Exercise details: With the images omitted, return all of the entries exactly as they stand.

Recorded data:

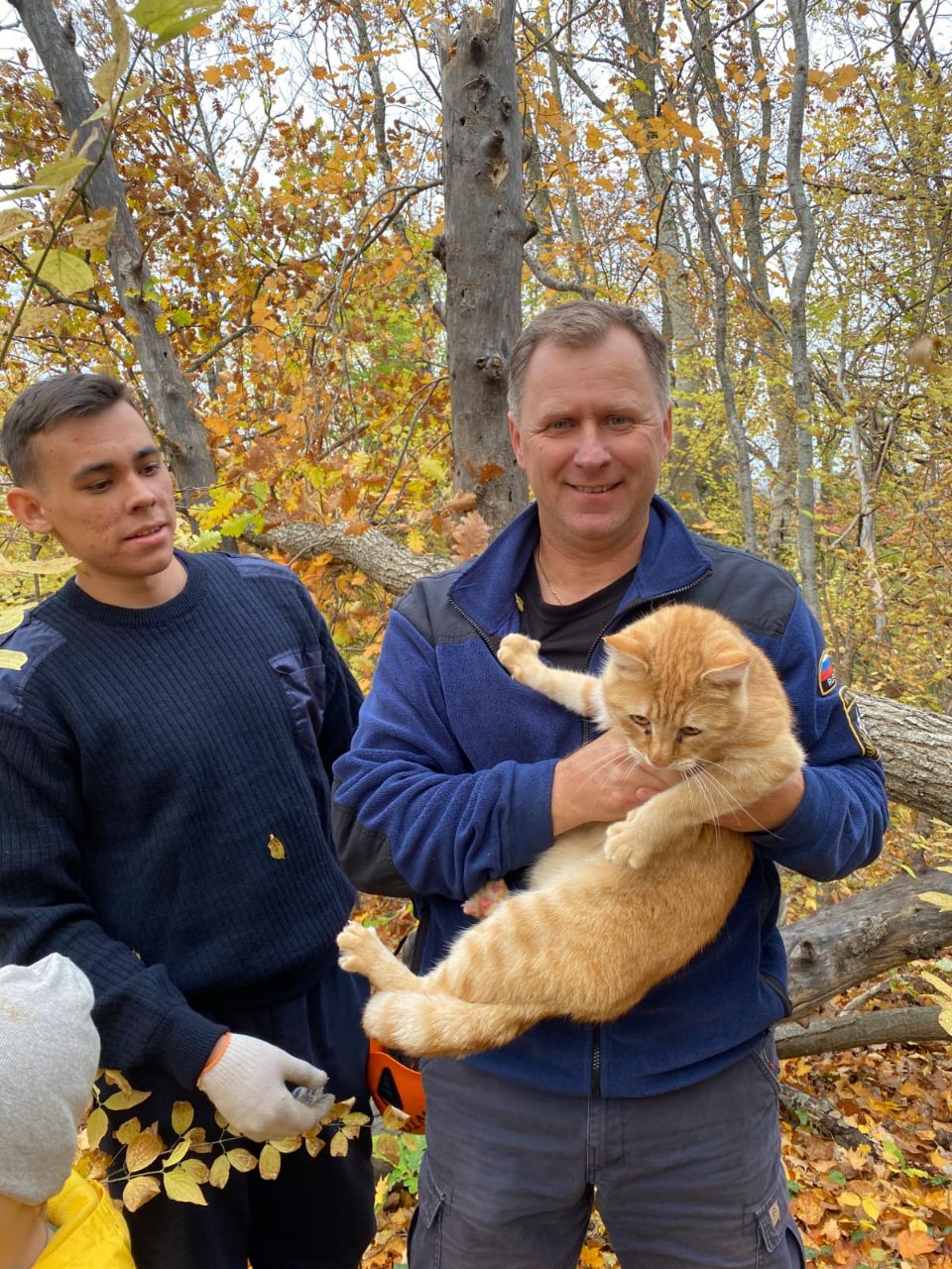Судя фото, рыжий котик жалобно маякал на дереве, был сильно напуган и даже сразу не бросился к хозяйке.
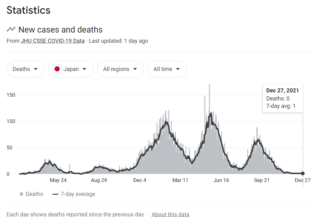 Let’s look at death rates in Japan vs. the US. See a difference? On a per capita basis, Japan is beating the US by a factor of 17. As soon as Japan rolled out ivermectin, their death rates dropped rapidly to 0.
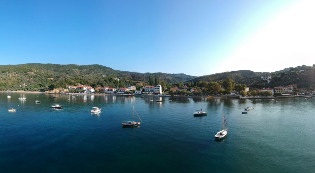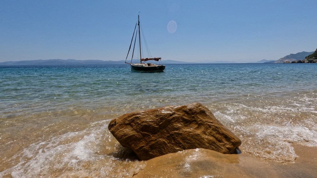 After a very agreeable meze lunch, Chris and I left the ladies to relax on the beach and ventured out again in Kaliope to meet the tourist boat’s return from Skiathos. Just two-up, a double reef and Yankee was perfect and Kaliope cut enthusiastically through the sea towards the returning day tripper boats. A few beats to windward and a wonderful run back to harbour completed the day and we were ashore a few minutes after the girls.
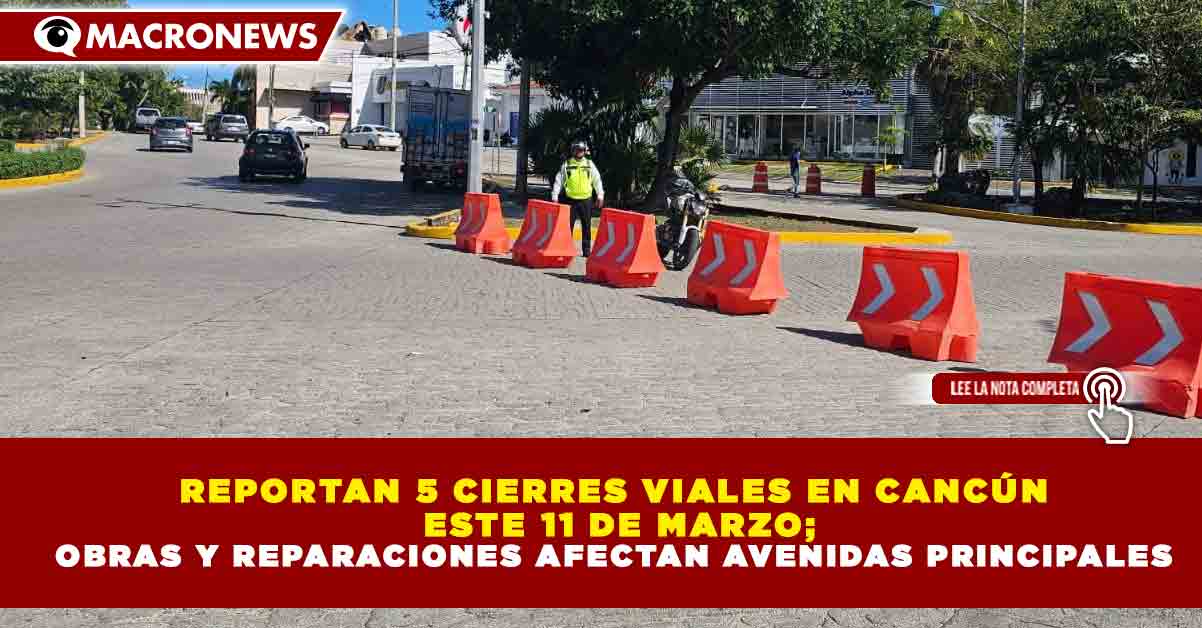 Redacción Macronews.- Autoridades informaron que al menos 5 puntos de Cancún presentan cierres parciales y restricciones viales este miércoles 11 de marzo de 2026, debido a trabajos de reparación y obras en diferentes avenidas de la ciudad, lo que podría generar tráfico y retrasos para automovilistas.
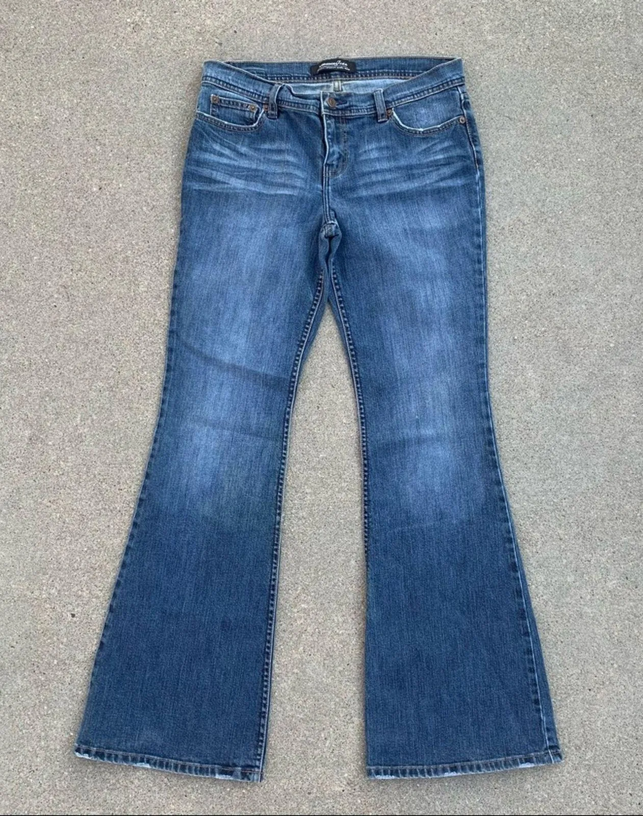 London Jean Y2K flare leg jeans. 98% cotton. Size 10 Victoria's Secret line of jeans from late 90s to early 2000s Flat measurements are approximate waist 16 1/2 inches front rise 9 inches hips at bottom of zipper 19 inches inseam 33 inches leg opening 11 inches
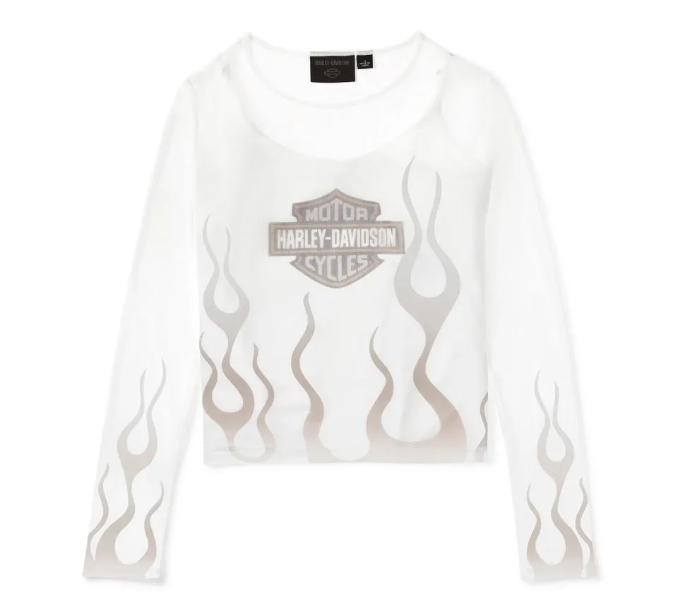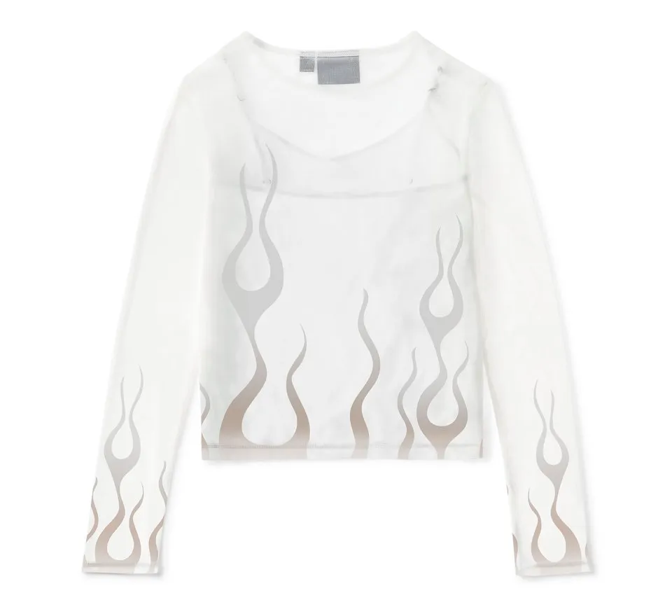 Looking hot is effortless in our Flames For Days Mesh Top. This two-piece set includes a fitted camisole with and a long sleeve overlay mesh tee. The sheer outer top is crafted from lightweight polyester mesh with a hit of spandex for added stretch. The removable polyester/cotton jersey camisole also has a hit of spandex for added stretch plus adjustable spaghetti straps. This women’s twofer defines standout style with its gradient flame graphics on the body and searing up the sleeves.
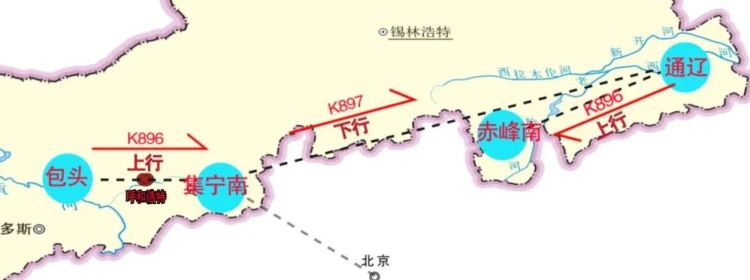 以包头到赤峰南K896/897/896次列车为例
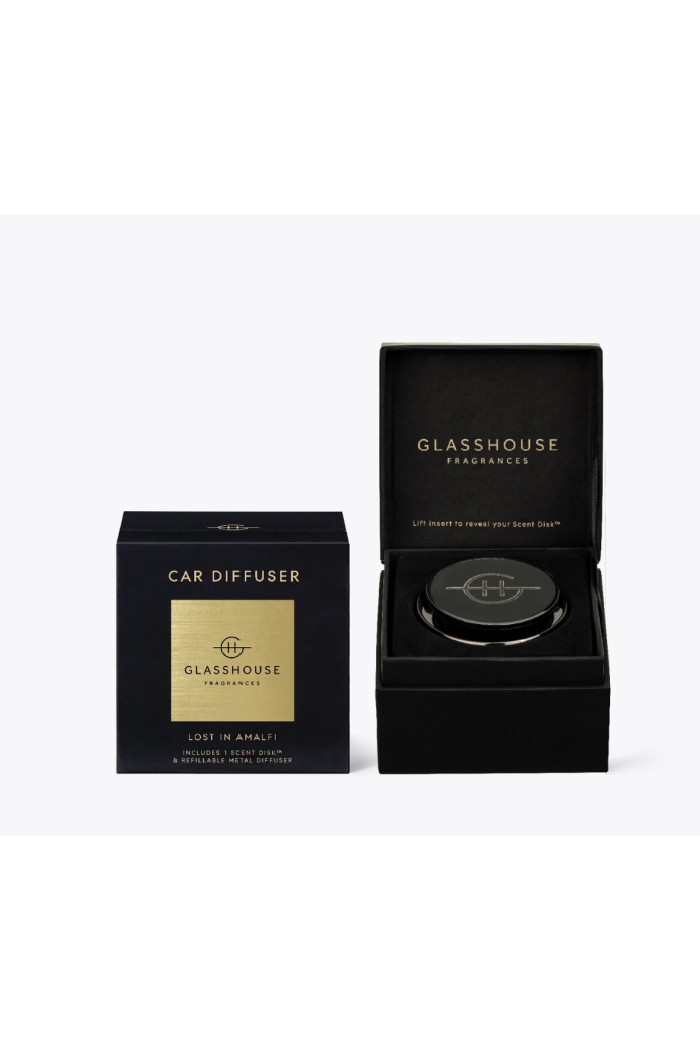 A sleek metal car diffuser scented with the Lost in Amalfi fragrance for on-the-go freshness. The Black Car Diffuser — Lost in Amalfi comes in a refillable metal case and includes a scent disk for easy installation. Glasshouse Fragrances designed this compact diffuser to clip discreetly in your vehicle while delivering a long-lasting aromatic experience. Its polished black finish makes it a refined gift item or personal accessory for daily drives.
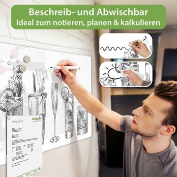 Auf der glatten Glasoberfläche lassen sich Termine, Rezepte oder Notizen ganz einfach mit Kreidestiften festhalten und rückstandslos entfernen. Starke Neodym-Magnete halten Ihre wichtigsten Erinnerungen sicher an Ort und Stelle. So entsteht Ihre ganz persönliche Ideenwand - jeden Tag neu.
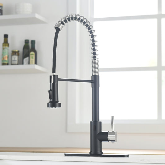 Commercial Kitchen Faucet Pull Down Sprayer Black and Nickel,Single Handle Kitchen Sink Faucet
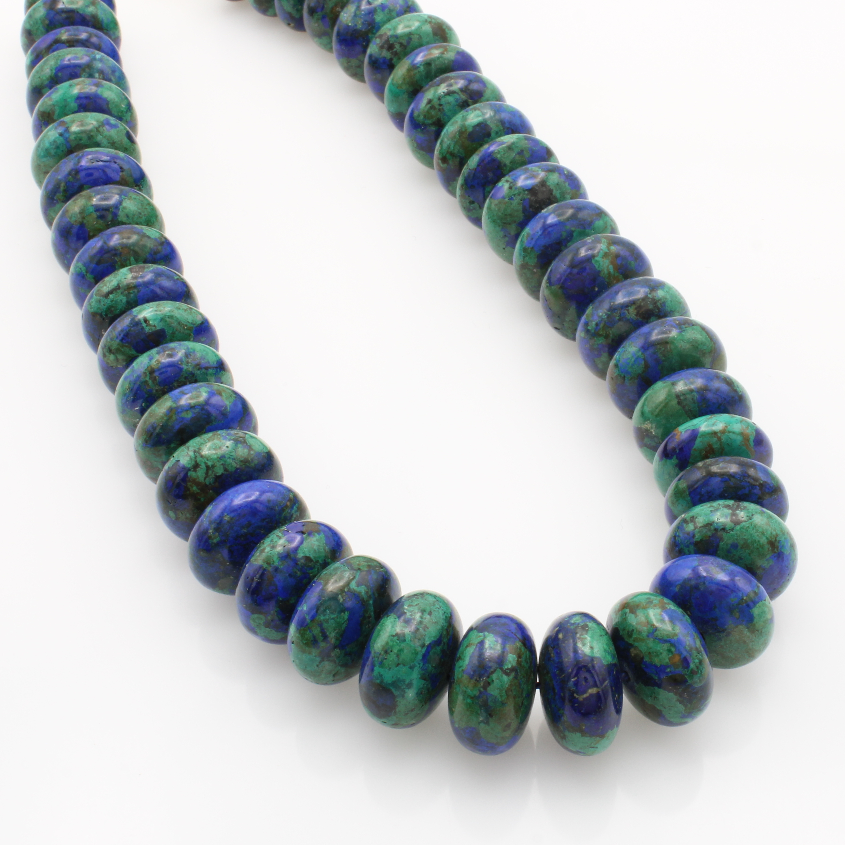 Azurit/Malachitkette, Karabinerschl. verg., Rondelle ca. 18 mm, L. ca. 43 cm Schätzpreis: 680, - EUR
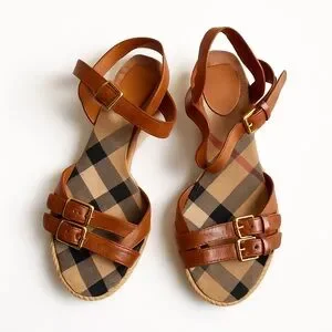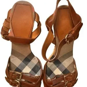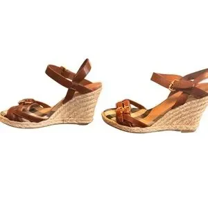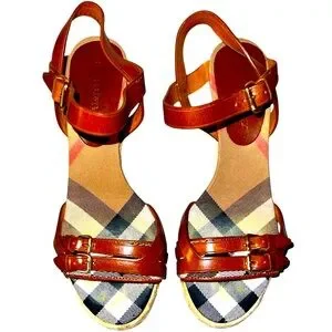 Burberry Tan Leather Check Canvas Espadrille Wedge Sandals Italy Size 35

Answer area:
Судя фото, рыжий котик жалобно маякал на дереве, был сильно напуган и даже сразу не бросился к хозяйке.
 Let’s look at death rates in Japan vs. the US. See a difference? On a per capita basis, Japan is beating the US by a factor of 17. As soon as Japan rolled out ivermectin, their death rates dropped rapidly to 0.
 After a very agreeable meze lunch, Chris and I left the ladies to relax on the beach and ventured out again in Kaliope to meet the tourist boat’s return from Skiathos. Just two-up, a double reef and Yankee was perfect and Kaliope cut enthusiastically through the sea towards the returning day tripper boats. A few beats to windward and a wonderful run back to harbour completed the day and we were ashore a few minutes after the girls.
 Redacción Macronews.- Autoridades informaron que al menos 5 puntos de Cancún presentan cierres parciales y restricciones viales este miércoles 11 de marzo de 2026, debido a trabajos de reparación y obras en diferentes avenidas de la ciudad, lo que podría generar tráfico y retrasos para automovilistas.
 London Jean Y2K flare leg jeans. 98% cotton. Size 10 Victoria's Secret line of jeans from late 90s to early 2000s Flat measurements are approximate waist 16 1/2 inches front rise 9 inches hips at bottom of zipper 19 inches inseam 33 inches leg opening 11 inches
 Looking hot is effortless in our Flames For Days Mesh Top. This two-piece set includes a fitted camisole with and a long sleeve overlay mesh tee. The sheer outer top is crafted from lightweight polyester mesh with a hit of spandex for added stretch. The removable polyester/cotton jersey camisole also has a hit of spandex for added stretch plus adjustable spaghetti straps. This women’s twofer defines standout style with its gradient flame graphics on the body and searing up the sleeves.
 以包头到赤峰南K896/897/896次列车为例
 A sleek metal car diffuser scented with the Lost in Amalfi fragrance for on-the-go freshness. The Black Car Diffuser — Lost in Amalfi comes in a refillable metal case and includes a scent disk for easy installation. Glasshouse Fragrances designed this compact diffuser to clip discreetly in your vehicle while delivering a long-lasting aromatic experience. Its polished black finish makes it a refined gift item or personal accessory for daily drives.
 Auf der glatten Glasoberfläche lassen sich Termine, Rezepte oder Notizen ganz einfach mit Kreidestiften festhalten und rückstandslos entfernen. Starke Neodym-Magnete halten Ihre wichtigsten Erinnerungen sicher an Ort und Stelle. So entsteht Ihre ganz persönliche Ideenwand - jeden Tag neu.
 Commercial Kitchen Faucet Pull Down Sprayer Black and Nickel,Single Handle Kitchen Sink Faucet
 Azurit/Malachitkette, Karabinerschl. verg., Rondelle ca. 18 mm, L. ca. 43 cm Schätzpreis: 680, - EUR
 Burberry Tan Leather Check Canvas Espadrille Wedge Sandals Italy Size 35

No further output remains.